>>>

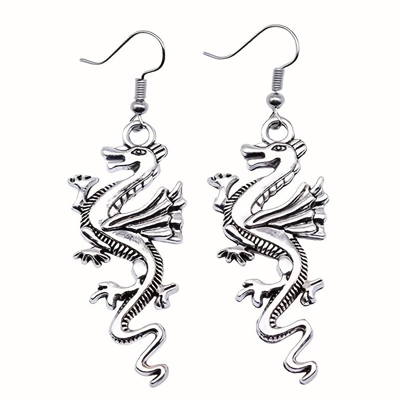 These unique fly dragon dangle earrings are the perfect accessory for a retro goth style look. Made from zinc alloy with silver plating, they make a creative and stunning gift for any female.
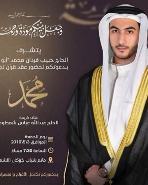أكمل القراءة »تدعوكم عائلة الحاج حبيب فردان محمد لحضور حفل عقد قران نجلهم محمد …
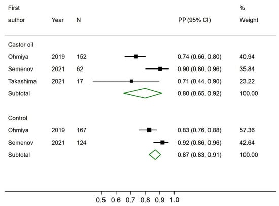 Two studies reported the PDR, one of which also had a control group for comparison. Therefore, no pooled estimates for DY were calculated. The PDR of CCE with castor oil was 82% in both studies and 44% in the only control group [,].
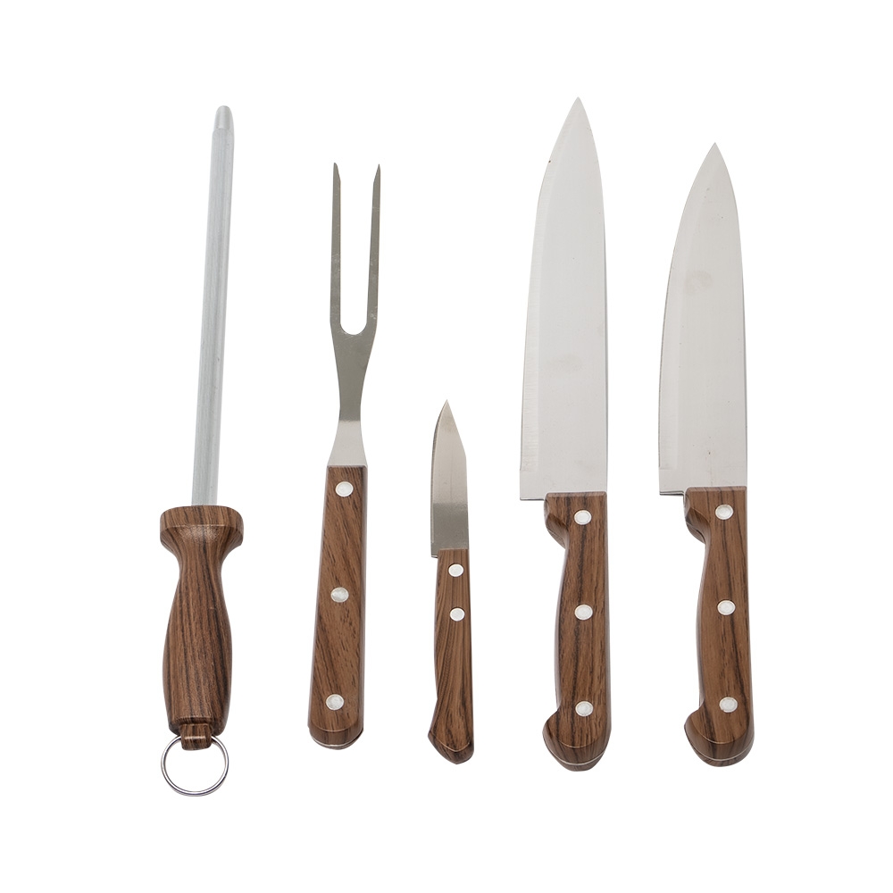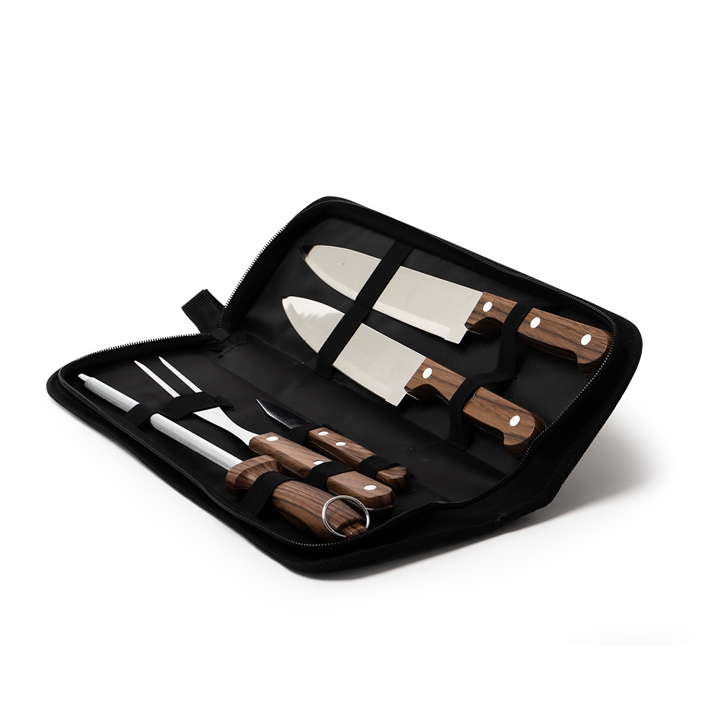 Descrição: O kit perfeito para os verdadeiros amantes de churrasco! Composto por 5 peças em inox com pegas de madeira, nosso kit inclui três facas, sendo de 7”, 6” e 3” polegadas, além de um garfo e uma chaira, todos acomodados em um prático estojo de nylon, ideal para transportar facilmente para qualquer lugar.
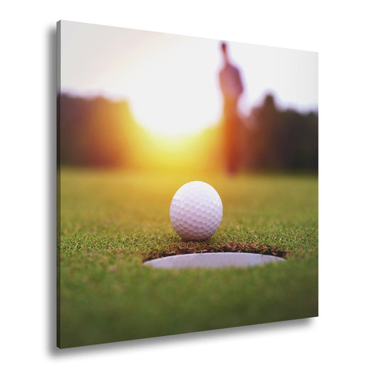 Leinwandbild Golfball vor dem Ziel – Spannung im Licht des Sonnenuntergangs
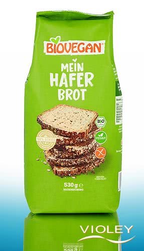 BioVegan Organic Bread Mix Oat Bread. For this bread mix, oat flakes, wholemeal oat flour, corn flour and other ingredients are processed. The package is sufficient for approx. 850 g of ready-made oat bread.

<<<

What to do: Reproduce the whole listing above word for word, dropping each image.

Solution for this exercise:
 These unique fly dragon dangle earrings are the perfect accessory for a retro goth style look. Made from zinc alloy with silver plating, they make a creative and stunning gift for any female.
أكمل القراءة »تدعوكم عائلة الحاج حبيب فردان محمد لحضور حفل عقد قران نجلهم محمد …
 Two studies reported the PDR, one of which also had a control group for comparison. Therefore, no pooled estimates for DY were calculated. The PDR of CCE with castor oil was 82% in both studies and 44% in the only control group [,].
 Descrição: O kit perfeito para os verdadeiros amantes de churrasco! Composto por 5 peças em inox com pegas de madeira, nosso kit inclui três facas, sendo de 7”, 6” e 3” polegadas, além de um garfo e uma chaira, todos acomodados em um prático estojo de nylon, ideal para transportar facilmente para qualquer lugar.
 Leinwandbild Golfball vor dem Ziel – Spannung im Licht des Sonnenuntergangs
 BioVegan Organic Bread Mix Oat Bread. For this bread mix, oat flakes, wholemeal oat flour, corn flour and other ingredients are processed. The package is sufficient for approx. 850 g of ready-made oat bread.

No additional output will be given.